In the 1840s, a new branch railway was constructed linking Aylesbury to the Midlands that crossed the road that linked Broughton with Bierton. A public house and signalmen's cottages were constructed at the level crossing and the area became known as Broughton Crossing. Today, this is considered a separate hamlet from Broughton itself.

In 1870–72, John Marius Wilson described Bierton With Broughton like this:
BIERTON-WITH-BROUGHTON, a parish in Aylesbury district, Bucks; on the Aylesbury railway, near the Aylesbury canal, 1½ mile NE of Aylesbury. It has a post office, of the name of Bierton, under Aylesbury. Acres, 2,470. Real property, £5,312. Pop., 691. Houses, 149. The property is divided among a few. The living is a vicarage, united with the vicarage of Quarrendon, in the diocese of Oxford. Value, £310.* Patrons, the Dean and Chapter of Lincoln. The church is a structure of the 12th century, with tower and spire; was recently well repaired; and contains a piscina, and a curious monument of 1616 to Samuel Pope and his thirteen children. There are chapels for Baptists and Methodists, a national school, and charities £40.

In the 1960s British housing boom, land that belonged to the parish of Bierton was sold to developers who constructed the housing estate of Broughton. Many local people immediately think of the estate when they hear the word 'Broughton,' as it is a very popular estate on which to live. This was one of several developments in Aylesbury. All that separates Broughton hamlet from Broughton estate today is the brook from which the hamlet first took its name.

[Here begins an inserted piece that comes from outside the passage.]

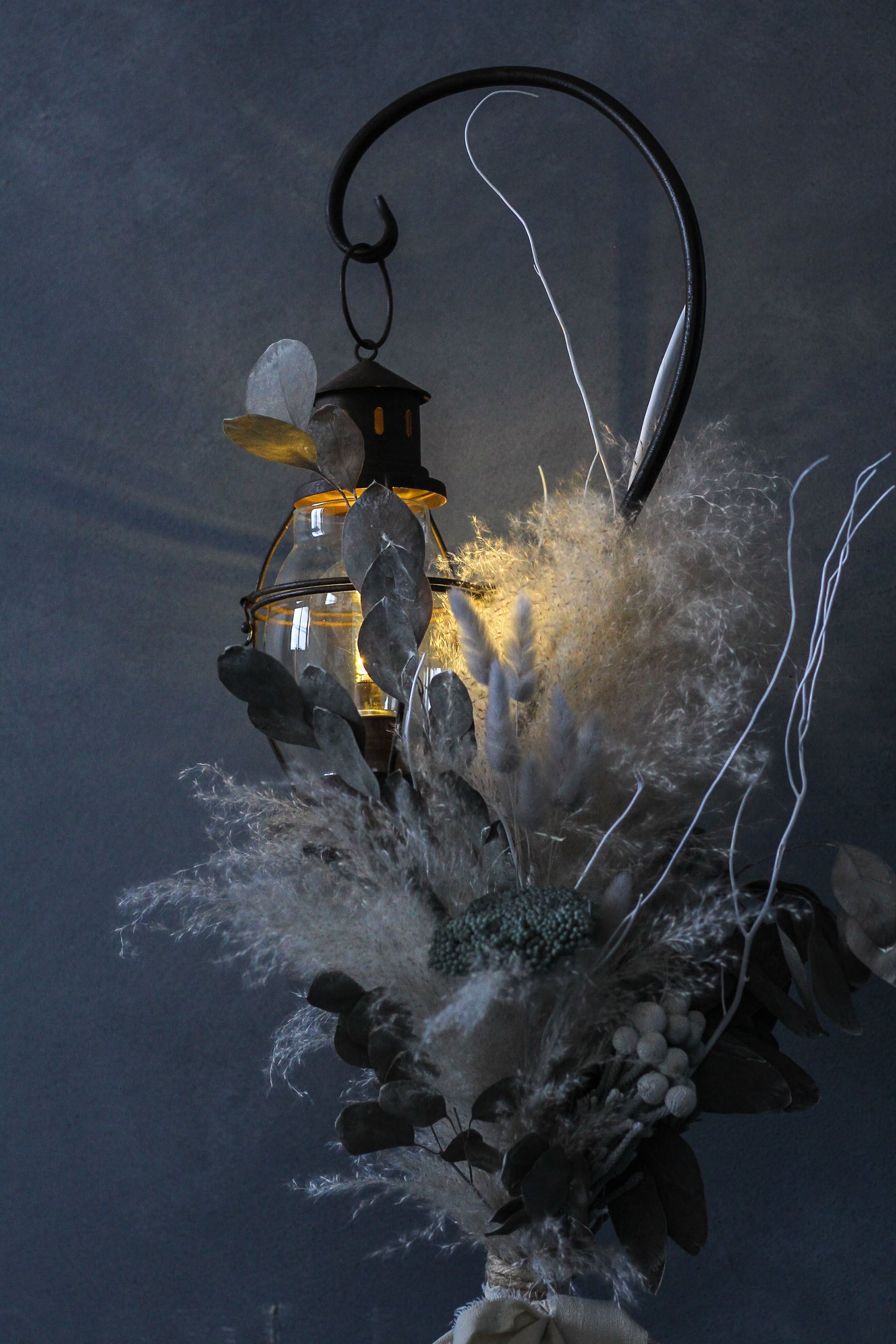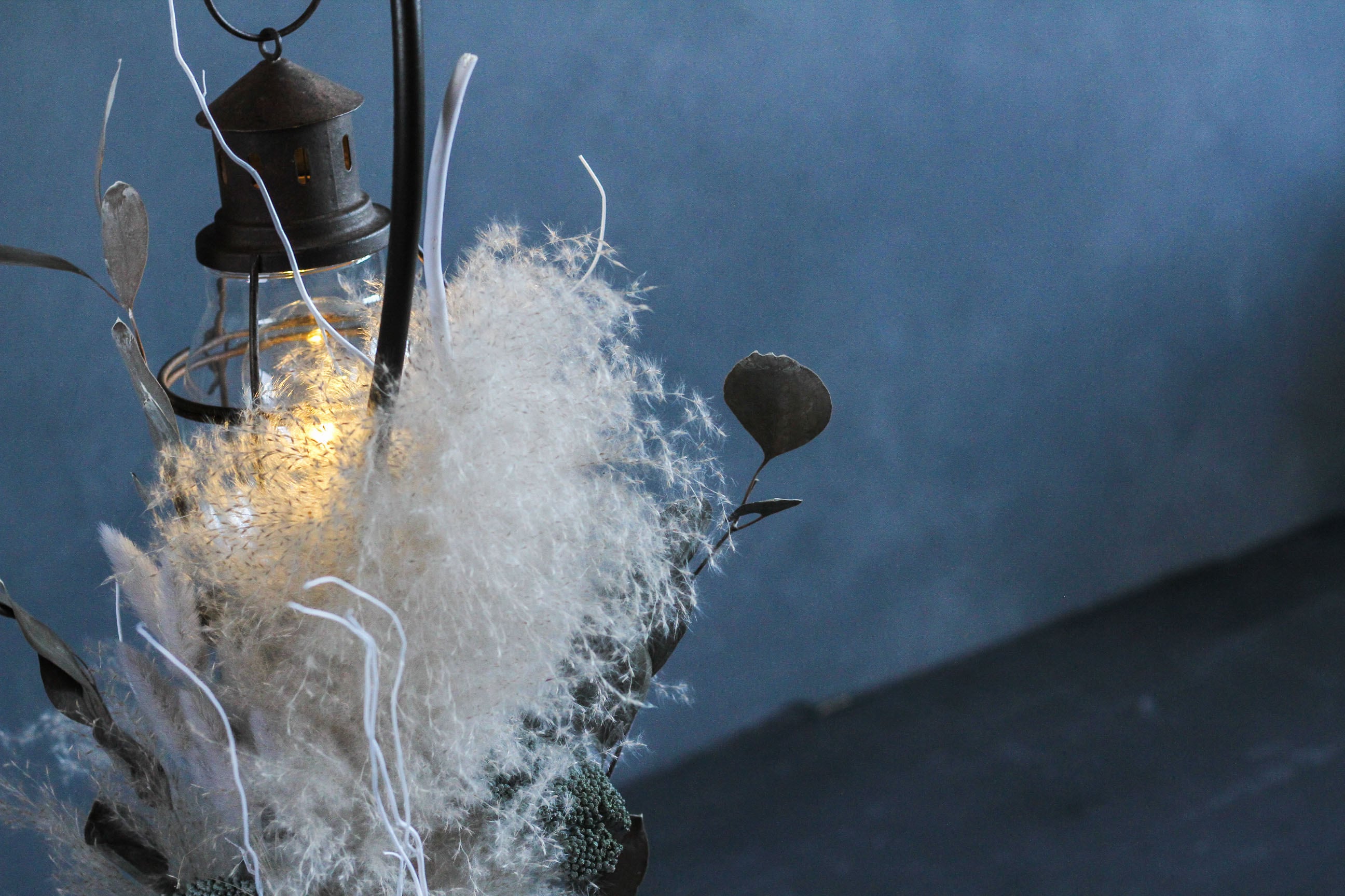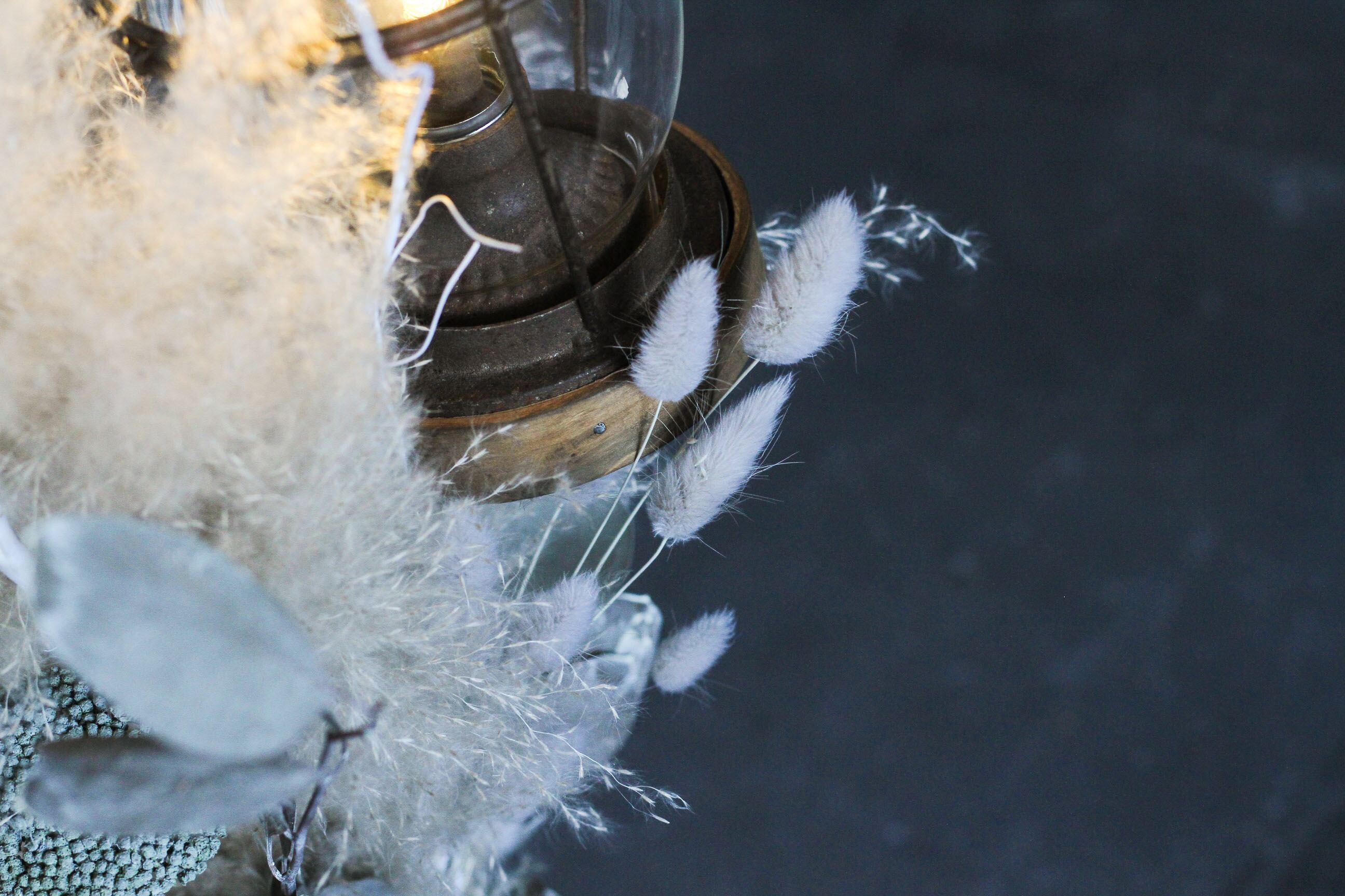 ふわふわのビックテールリードをベースに、アキレア・シルバーブルニア・ポプルスユーカリなどナチュラルな花材を組み合わせたシックなデザインに仕上がっています。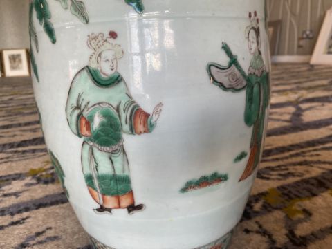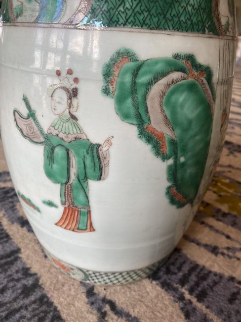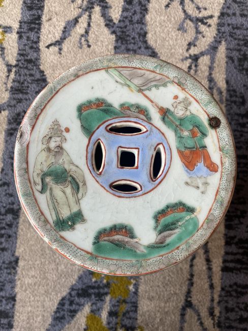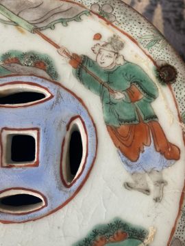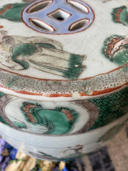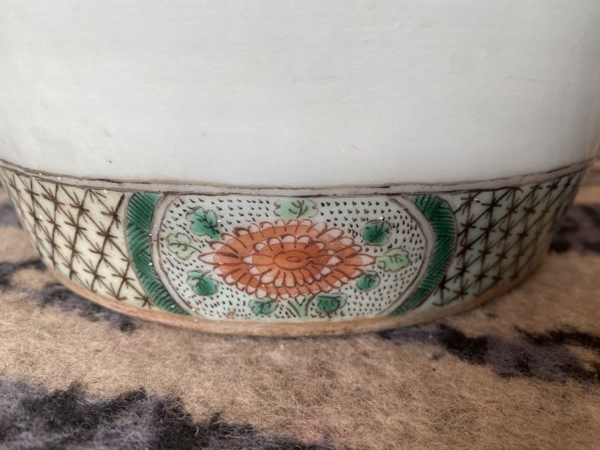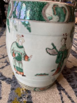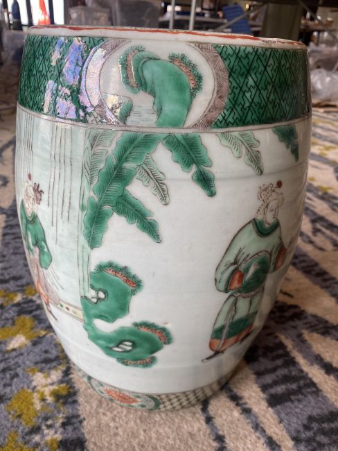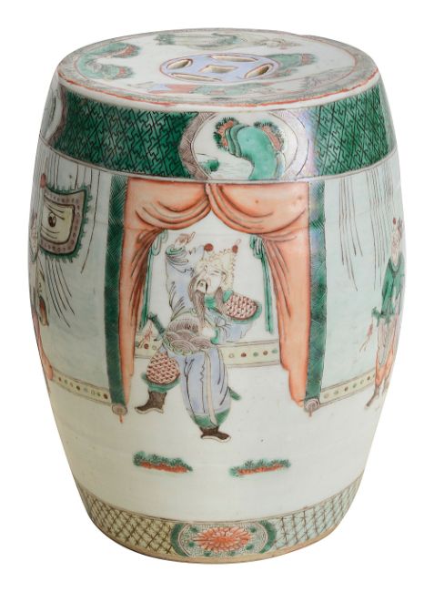 A late 19th century Chinese famille verte child's barrel form ceramic garden seat

Broughton is served by New Millside Pre-School for children aged from two to five, Broughton Infant School for children aged from four to seven, and Broughton Junior School for children aged from seven to eleven. Both schools are community schools, which each take approximately 180 pupils.

In the same building as the pre-school, there is the Sure Start Children's Centre which serves the Broughton and immediately surrounding areas.

The Anglican (Church of England) congregation was established in 1989. In August 2009 the Church Commissioners changed the parish boundaries in this part of Aylesbury, and the Broughton Church became a parish in its own right.

In July 2014 a community coffee shop called more^{+} was opened in Parton Road. It is operated by Broughton Community Action which is a Registered Charity. The aim is to provide a place where residents can meet and enhance community on the estate.

Arriva the Shires & Essex 'Pink Route' 8 to Aylesbury bus station serves Broughton housing estate Monday-Saturday, at a frequency of up to every 20 minutes. The service runs via the nearby housing estate of Bedgrove.

== Civil parish ==

Historically Broughton formed part of the civil parish of Bierton with Broughton with Bierton and other neighbouring hamlets. The development of the new village of Kingsbrook and the subsequent desire for a new parish council there to be separated from that of Bierton. As this proposal would result in the land around Broughton to the south of Kingsbrook becoming separated from Bierton, it was decided to divide the parish of Bierton with Broughton into three, and the new parish of Broughton Hamlet came into existence on 7 May 2020.